_EXERCISE PROMPT_
Reproduce what is written in the records below exactly, and leave out the images.

Dataset entries
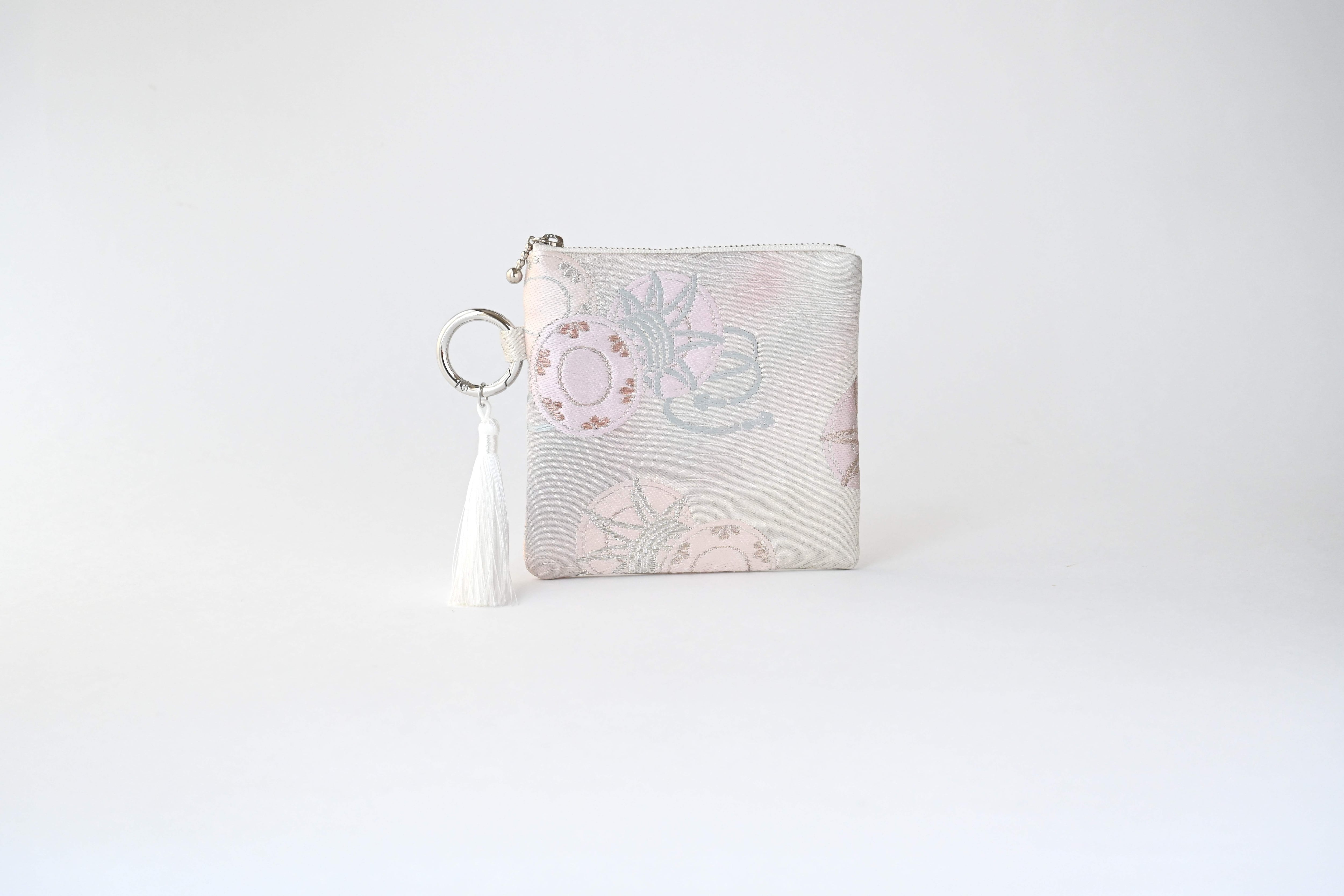 鼓模様 シルバー シルク帯で製作したバッグチャーム型スクエアポーチです。
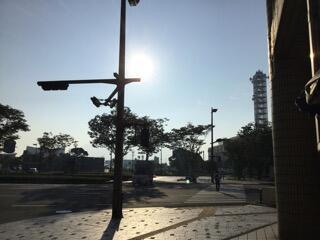 ホテル前です。快晴です。
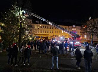 Um 17 Uhr ist pünktlich die Drehleiter der Berufsfeuerwehr Leipzig vor Ort gewesen. Die Kinder gaben den Feuerwehrmännern die Christbaumkugel zum aufhängen.
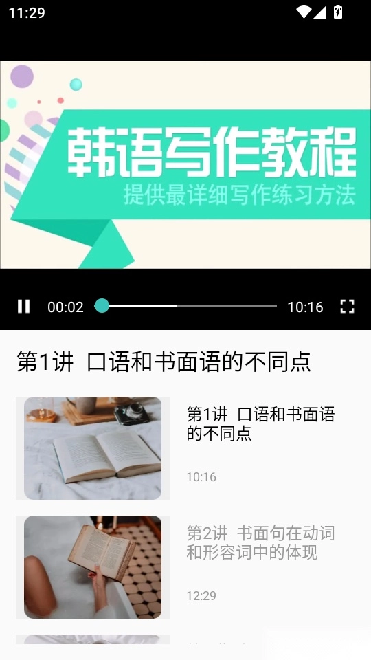 如此用户就可以播放韩语详情的写作教程了
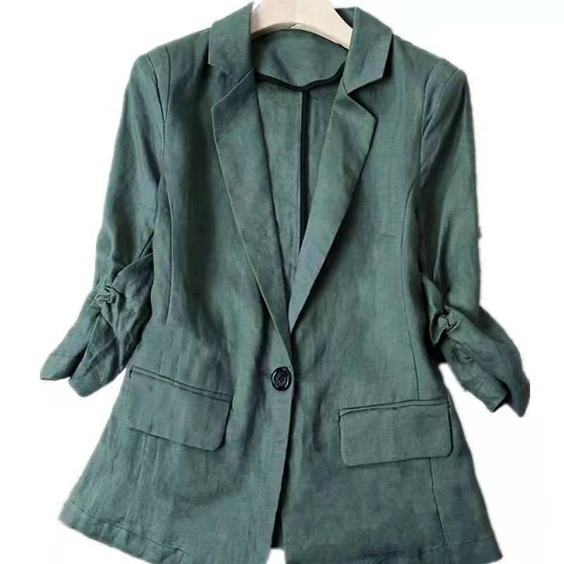 2026早春新款亚麻薄小西装女外套棉麻七分袖修身休闲气质百搭洋气
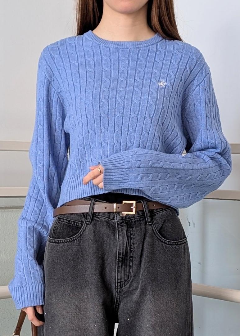 ROPÉ PICNIC【BEVERLYHILLS POLO CLUB・WEB限定】ケーブル編みクロップドニットプルオーバーサックス / F¥4,940レビューたっぷりとした袖のシルエットが可愛いです。クロップド丈なのでハイウエストボトムスとの相性抜群です。
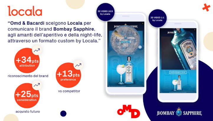Locala ha collaborato con OMD per supportare Bacardi durante il periodo estivo con la comunicazione del prodotto Bombay Sapphire, per generare awareness sul target di riferimento rispettivamente al loro gin per il Gin&Tonic, ideale per il momento dell’aperitivo o per un drink nelle serate estive.
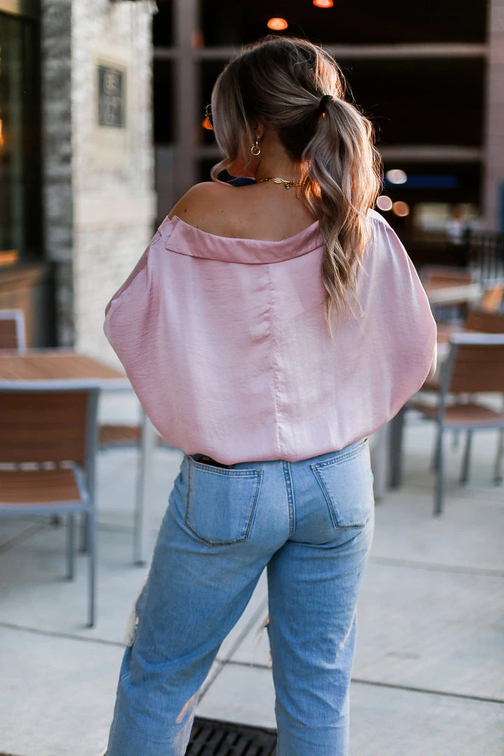 This dreamy light pink blouse features oversized sleeves, a semi cropped fit bodice and elastic hem. We love this look with split hem jeans and heels for a dressy casual style.
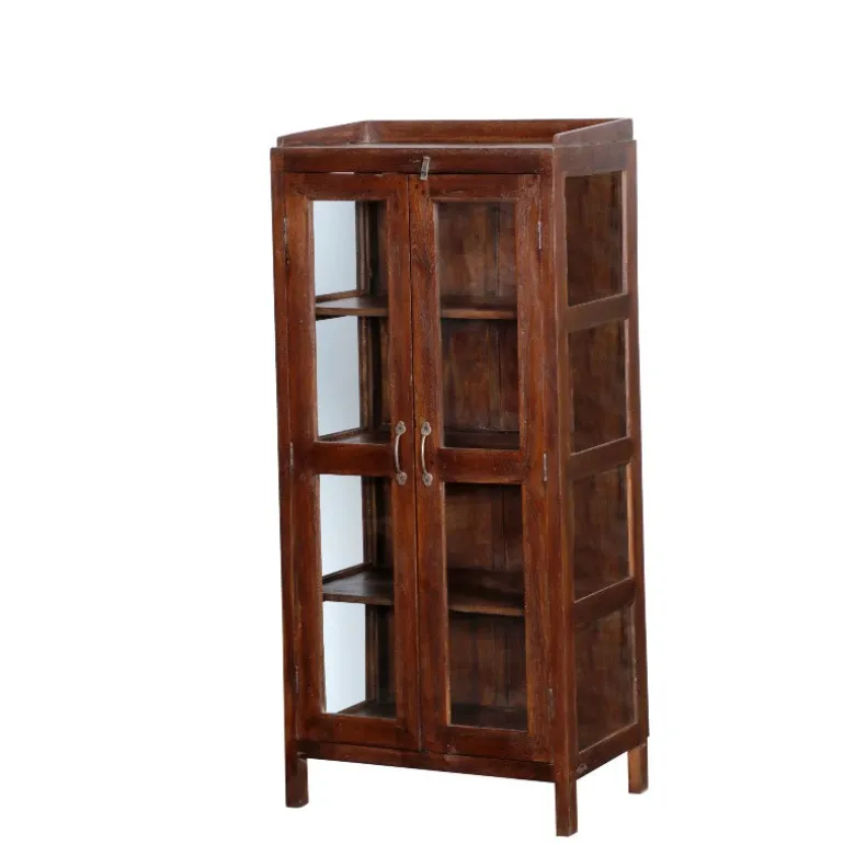 Dette fine vitrineskab med glaslåger er et gammelt unika skab, der er restaureret. Skabet har fire hylder hvis man tæller bunden med. Skabet er som skabt til opbevaring af alt fra porcelæn til linned, bøger eller dit hjemmekontor.
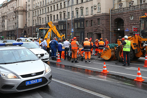 Около 14:30 произошел провал асфальта в районе дома 30 на улице Тверская.
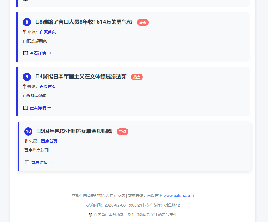 目前提取的是排名前10的热点新闻,这个数量经过实践验证,既不会信息过载,又能覆盖当天最重要的新闻事件。
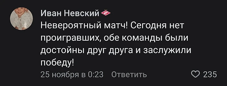 Худший матч: поражение от «Спартака» со счётом 𝟐:𝟓 (𝟏𝟖.𝟏𝟏). Хороший первый период, но больше мы той команды не видели. Красно-белые победили по делу.
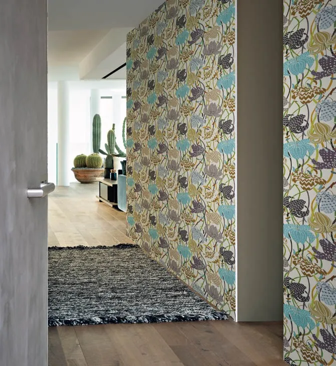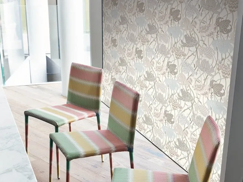 главный герой ' MissoniHome Wallcoverings03’ это фирменная цветовая палитра бренда, которая подчеркивает сочетание классического и Moderna вкуса коллекции. Две души, сильно обозначенные выбором весенних и зимних тонов, которые контрастируют и усиливают друг друга, также усиливаются методами тиснения, одна более деревенская, а другая более изысканная, с тонкой отделкой точилкой в тонких филигранных эффектах, которые придают материальность обоям.

_WRITTEN SOLUTION_
 鼓模様 シルバー シルク帯で製作したバッグチャーム型スクエアポーチです。
 ホテル前です。快晴です。
 Um 17 Uhr ist pünktlich die Drehleiter der Berufsfeuerwehr Leipzig vor Ort gewesen. Die Kinder gaben den Feuerwehrmännern die Christbaumkugel zum aufhängen.
 如此用户就可以播放韩语详情的写作教程了
 2026早春新款亚麻薄小西装女外套棉麻七分袖修身休闲气质百搭洋气
 ROPÉ PICNIC【BEVERLYHILLS POLO CLUB・WEB限定】ケーブル編みクロップドニットプルオーバーサックス / F¥4,940レビューたっぷりとした袖のシルエットが可愛いです。クロップド丈なのでハイウエストボトムスとの相性抜群です。
Locala ha collaborato con OMD per supportare Bacardi durante il periodo estivo con la comunicazione del prodotto Bombay Sapphire, per generare awareness sul target di riferimento rispettivamente al loro gin per il Gin&Tonic, ideale per il momento dell’aperitivo o per un drink nelle serate estive.
 This dreamy light pink blouse features oversized sleeves, a semi cropped fit bodice and elastic hem. We love this look with split hem jeans and heels for a dressy casual style.
 Dette fine vitrineskab med glaslåger er et gammelt unika skab, der er restaureret. Skabet har fire hylder hvis man tæller bunden med. Skabet er som skabt til opbevaring af alt fra porcelæn til linned, bøger eller dit hjemmekontor.
 Около 14:30 произошел провал асфальта в районе дома 30 на улице Тверская.
 目前提取的是排名前10的热点新闻,这个数量经过实践验证,既不会信息过载,又能覆盖当天最重要的新闻事件。
 Худший матч: поражение от «Спартака» со счётом 𝟐:𝟓 (𝟏𝟖.𝟏𝟏). Хороший первый период, но больше мы той команды не видели. Красно-белые победили по делу.
 главный герой ' MissoniHome Wallcoverings03’ это фирменная цветовая палитра бренда, которая подчеркивает сочетание классического и Moderna вкуса коллекции. Две души, сильно обозначенные выбором весенних и зимних тонов, которые контрастируют и усиливают друг друга, также усиливаются методами тиснения, одна более деревенская, а другая более изысканная, с тонкой отделкой точилкой в тонких филигранных эффектах, которые придают материальность обоям.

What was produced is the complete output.